Plinius (1. Jh. u.Z.) berichtet eher beiläufig, dass die Gallier den Saft der Birke (gallica arbor) zur Herstellung einer klebrigen Masse verwendeten, aus der sie Pflaster machten.
In der ma. Heilkunde erscheint die Birke erst bei Hildegard v. Bingen (12. Jh.), die ihre Qualität als warm beschreibt und einen Umschlag aus erwärmten Knospen des Baumes gegen schmerzende Hautreizungen, und Birkenrinde zum Abdecken von Brandwunden empfiehlt. – Albertus Magnus (13. Jh.) und Konrad von Megenberg (der im 14. Jh. die Birke als feucht und kühl qualifiziert) halten Birkensaft, den man im Frühjahr aus der Rinde zapft, für ein Mittel gegen Leberbeschwerden und Nierensteine.

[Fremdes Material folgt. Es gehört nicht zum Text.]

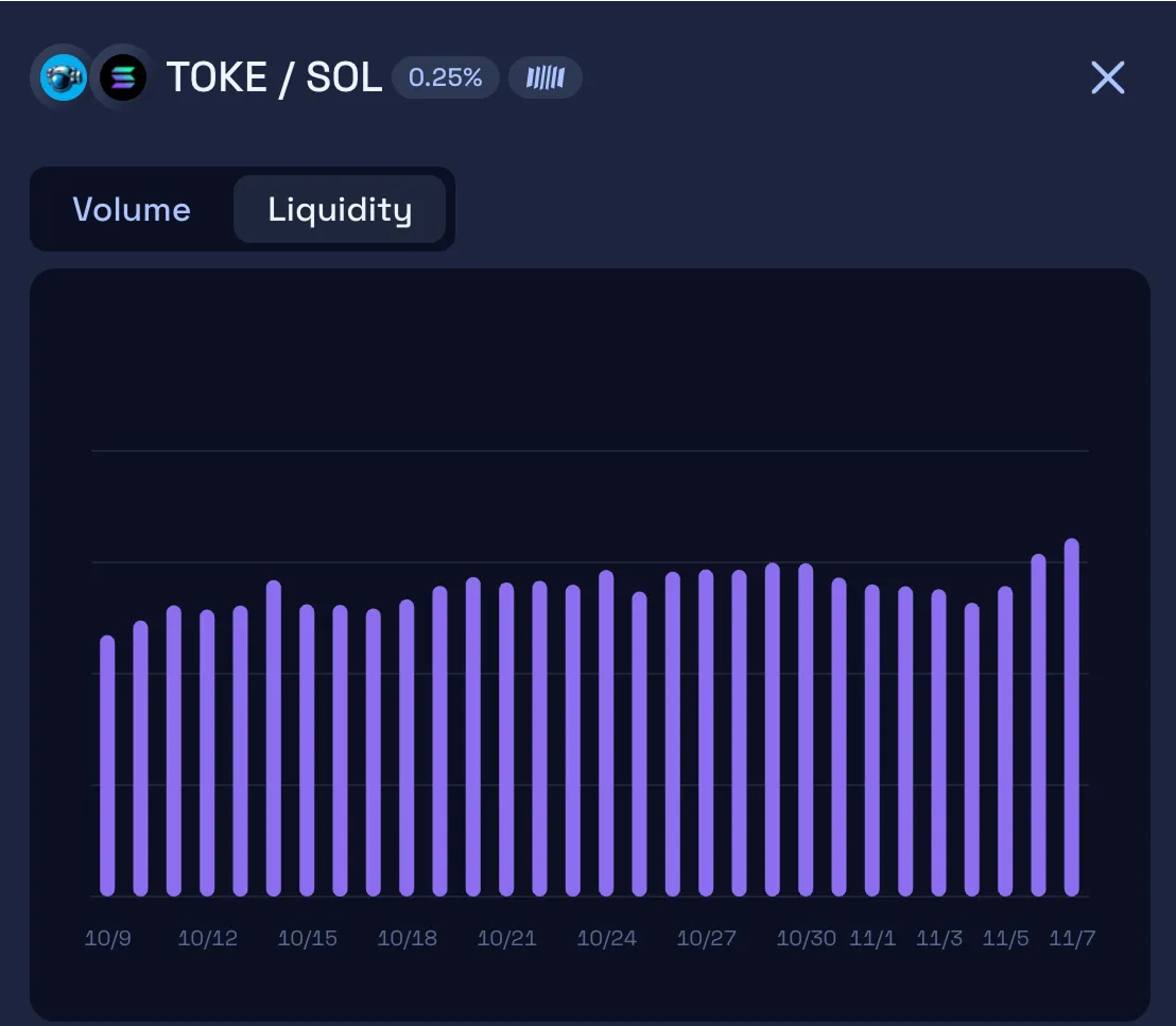 After all the festivities had died down from $TOKE festival, I began to notice something. $TOKE had already began it’s infestation into the Solana ecosystem. Approximately 3 months before the Great McVote and up until about 3 months following, $TOKE had began becoming one of the most liquid tokens on Solana. It’s roots stretched deep, mirroring it’s mycelial creator. It had deep liquidity pools that were unmatched by many other memecoins. At the time of writing, 32 different liquidity pools have been filled to the brim with $TOKE. They can be viewed here and here.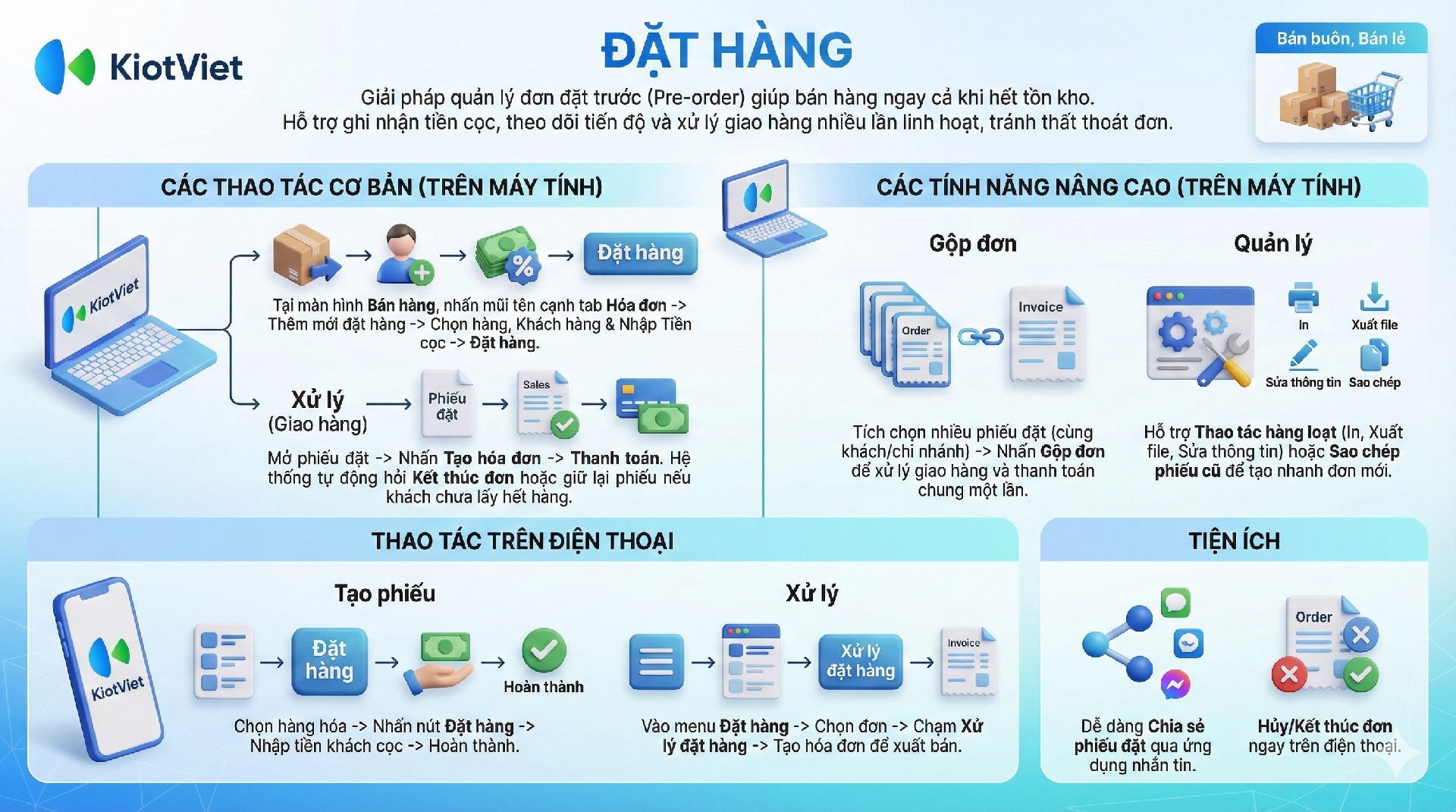 Tính năng Đặt hàng trên KiotViet là một công cụ mạnh mẽ, giúp bạn tối ưu hóa quy trình kinh doanh với 3 lợi ích chính: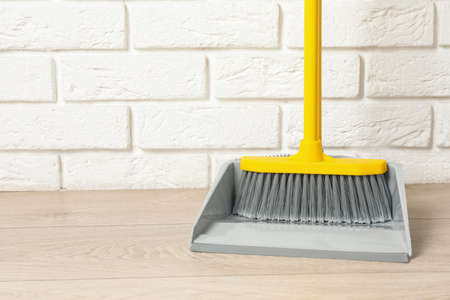Plastic whisk broom with dustpan near white brick wall indoors. Space for text

In der Volksmedizin galt eine Aufschwemmung von getrockneten und pulverisierten Birkenblättern als Schutzmittel gegen Viehkrankheiten.

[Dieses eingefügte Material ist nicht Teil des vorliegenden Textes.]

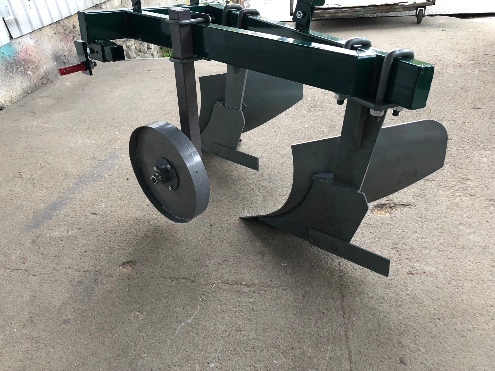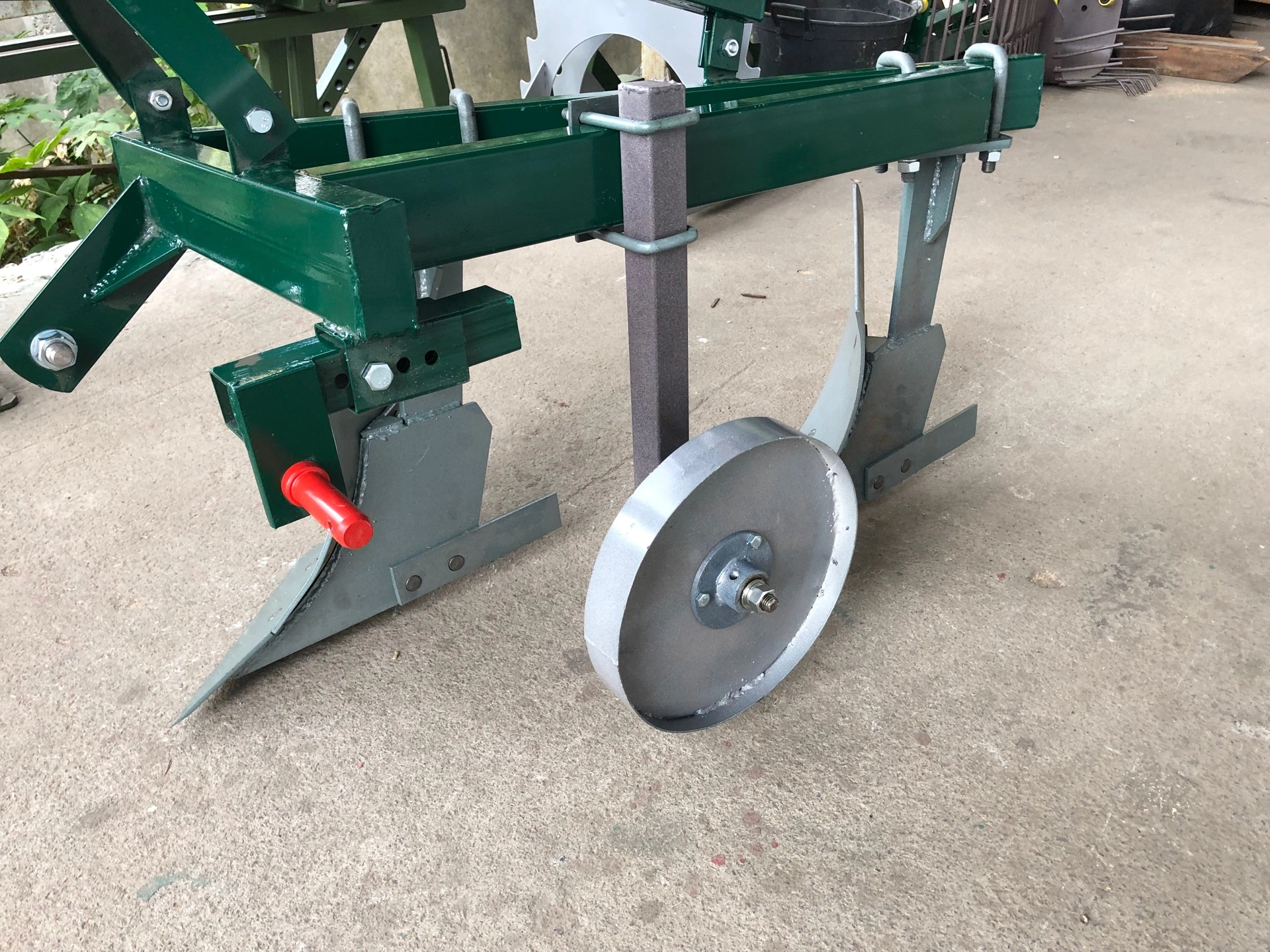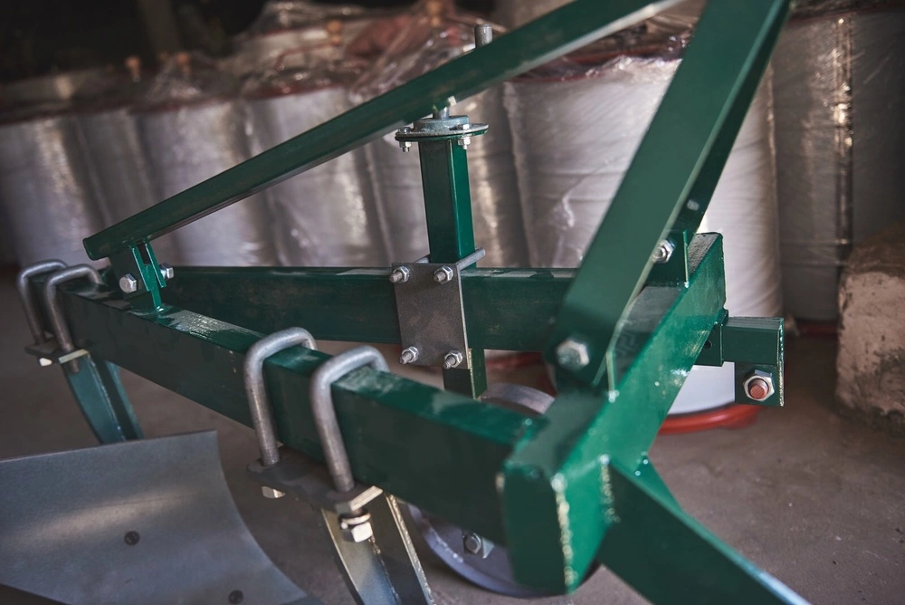 складається з ручки регулювання упорного колеса , кріплення,регульованого кріплення,опорного колеса,зрізуючої планки ,відвалу,лемішу

In der ma. Heilkunde verwendete man Rinde, Blätter, Knospen, Saft und Harz der Birke. Wirkstoffe der Blätter sind Gerb- und Bitterstoffe, Harze, ätherische Öle, Vitamin C und Flavonoide. Birkensaft enthält eine Zuckerart, wodurch er sich zum Vergären eignet („Birkenwein“).
In der abergläubischen Heilpraxis nutzte man den Birkenstamm zum Übertragen oder „Vernageln“ von Krankheiten wie Gicht oder Fieber. Warzen vertrieb man, indem man sie mit Birkenreisig schlug. Besondere Kraft wurde dem Birkenbesen bei nervösen Leiden zugemutet; Konrad von Megenberg schrieb: „pirckenholz wer daz pei im tregt, daz ist für den krampf guot“. Vergorener Birkensaft (Birkenwein) galt als Potenzmittel.

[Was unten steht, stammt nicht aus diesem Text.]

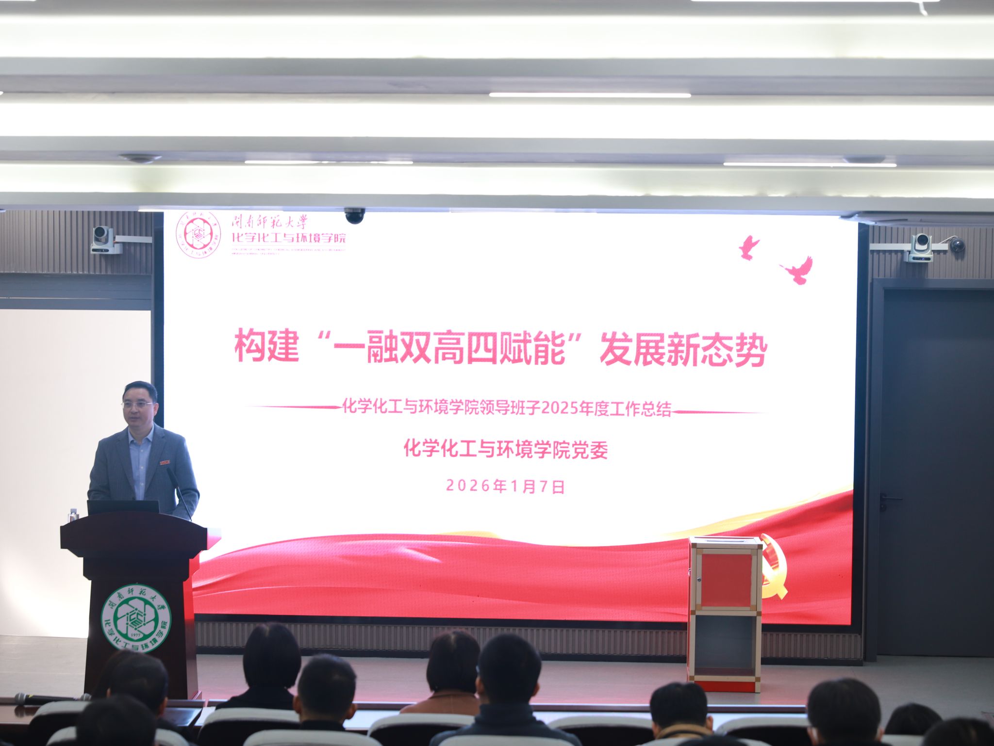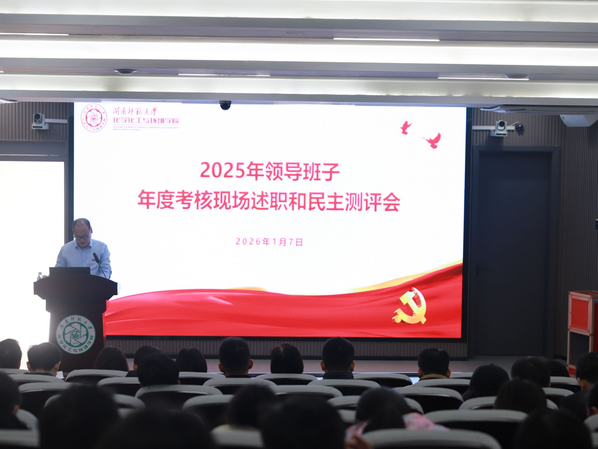 岁末复盘凝共识,蓄力扬帆启新程。为进一步推动中层干部履职尽责担当作为,促进学院各项事业高质量发展,1月7日上午,我院于达南206召开2025年度学院领导班子和中层干部述职考核大会。校党委常委、副校长张宏怡为组长的第七考核组一行莅临考核指导,学院全体党政班子成员、教职员工及学生代表参加考核会议。

Die Birke wurde seit je als Symbol des Frühlings, des wiedererwachenden Lebens und der Fruchtbarkeit verehrt. Junge Birkenruten („Maien“) galten als Abwehrmittel gegen Hexen und Unwetter; mit ihnen schmückte man zu Pfingsten das Haus und ließ sie in keinem Pfingstbuschen fehlen. Wo man am Markustag (25. April) bei Feldumzügen mit Maien über die Äcker fegte, blieben die Früchte vor Schädigung durch Vögel bewahrt.
Birkenpech (Pix betulina), wie es beim Verschwelen von Birkenrinde entsteht, wurde schon in prähistorischer Zeit zu Verbindungs-, Befestigungs- und Dichtungszwecken, im MA. zusätzlich zur Herstellung medizinischer Pflaster benutzt. Aus Birkenrinde wurde Zunder hergestellt, Birkenreiser wurden zu Zuchtruten oder zu Besen gebunden. Mit einem Sud von Birkenlaub färbte man Stoffe gelb.